É evidente que toda a preocupação de Bolsonaro no meio da pandemia é meramente econômica. E os indígenas não são os únicos numa situação precária, a pandemia claramente afeta mais os grupos oprimidos, os negros, os trabalhadores, as mulheres, e isso não é por acaso. Durante uma crise sanitária sem precedentes, escancara-se ainda mais a barbárie do projeto neo-liberal e do capitalismo, enquanto milhares morrem, seja pelo vírus, pela fome, pelo desemprego, pela mão da polícia.

Com a crise, houve um aumento significativo da violência e repressão nas favelas, subiu ainda o número de desempregados, vários trabalhadores foram demitidos, alguns tiveram que recorrer ao trabalho precário nos apps, muitos dos que conseguiram manter seus empregos seguem trabalhando muitas das vezes sem nenhuma segurança, colocando suas próprias vidas em risco. Mesmo os trabalhadores da saúde, na linha de frente do combate ao vírus, em muitos locais de trabalho não tem nem mesmo EPIs. O sistema público de saúde, que por tanto tempo é alvo de ataques e desmonte numa tentativa de privilegiar a esfera privada, está beirando ao colapso. Tudo isso deixa nua a violência do Estado e do sistema capitalista, que coloca o lucro por cima das nossas vidas.
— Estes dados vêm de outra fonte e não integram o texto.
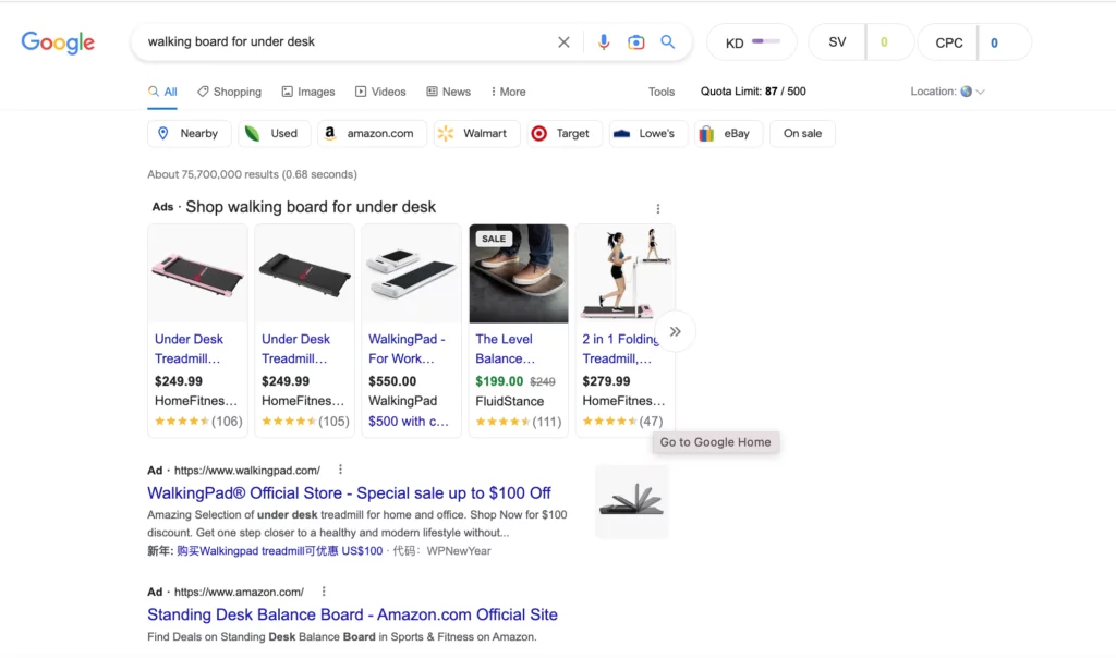 As pesquisas transacionais geralmente retornam resultados avançados, o que significa resultados além do tradicional link azul. Eles incluirão imagens de produtos, preços, avaliações e outras informações sobre o produto.

Frente a isso, a luta contra os catastróficos efeitos sociais da pandemia, que afetam majoritariamente os povos oprimidos e escancaram as mazelas do capitalismo, deve ser contra o regime de conjunto. Nesse sentido, é essencial o fortalecimento das mobilizações antirracistas, fazendo com que estas levantem uma programa de combate a crise política e sanitária, ao passo que atendam as demandas das populações indígenas.
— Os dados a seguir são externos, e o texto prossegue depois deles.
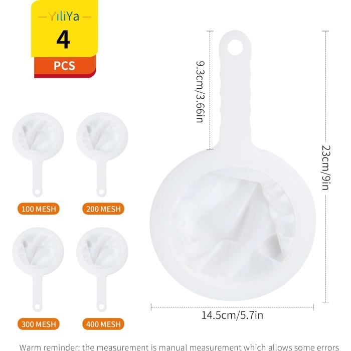 Scénarios D'Application : Les filtres alimentaires sont largement utilisés dans les cuisines domestiques, les restaurants, les cafés, les boulangeries et les bars. Avec Une Texture Précise : la surface lisse et la taille uniforme des pores garantissent la sécurité du tamis de cuisine fin adapté au contact direct avec les aliments Tamis Cuisine Lot De 3 Filtre à Tamis Fin Nylon,Tamis De Cuisine à Mailles Filtre 100 200 400 Mailles Dans le même temps, le filtre en maille de nylon convient à la filtration fine de boissons telles que le lait de soja, les jus, la confiture et les liquides tels que le lait et l'huile de cuisson. Alimentaire Filtre, Nylon Tamis Fin Avec Poignée 100 Mesh Jeu de 3 Tamis De Cuisine à Mailles Fines: Vous recevrez 3 Passoire Mailles Avecpoignée, la longueur du manche est d'environ 9 cm, les spécifications sont... Contenu Du Colis : Vous recevrez 3 filtres professionnels avec différentes tailles de mailles (100 mailles, 200 mailles, 400 mailles) pour répondre à différents besoins de filtrage. Facile À Saisir : la poignée de la passoire est fabriquée en matériau PP qui répond aux normes de sécurité alimentaire. Plus le nombre de mailles du filtre est grand, plus la précision de filtration est élevée et différents matériaux peuvent être traités séparément Plus le nombre de mailles du filtre est grand, plus la précision de filtration est élevée et différents matériaux peuvent être traités séparément Scénarios D'Application : Les filtres alimentaires sont largement utilisés dans les cuisines domestiques, les restaurants, les cafés, les boulangeries et les bars. Dans le même temps, le filtre à mailles est non toxique et inodore, robuste et durable, adopte une conception sans vis, éliminant le danger caché de la rouille et convient à une utilisation à long terme Dans le même temps, le filtre à mailles est non toxique et inodore, robuste et durable, adopte une conception sans vis, éliminant le danger caché de la rouille et convient à une utilisation à long terme Conception Réfléchie : filtre en nylon Le filtre en nylon ultra-fin est équipé d'une poignée antidérapante, qui est non seulement facile à utiliser, mais a également un bon effet d'isolation thermique, empêchant efficacement les brûlures.

Portanto, é essencial a exigência por sistema unificado de saúde, a partir da estatização de todos os leitos sob controle dos trabalhadores, concomitante a contratação de todos os trabalhadores da área de estejam desempregados, a fim de que toda a população tenha acesso ao atendimento e tratamento da doença. Tudo isso tendo como perspectiva um questionamento profundo do regime que é responsável pelo racismo estrutural que faz com que indígenas e negros sejam os mais afetados pela crise em curso.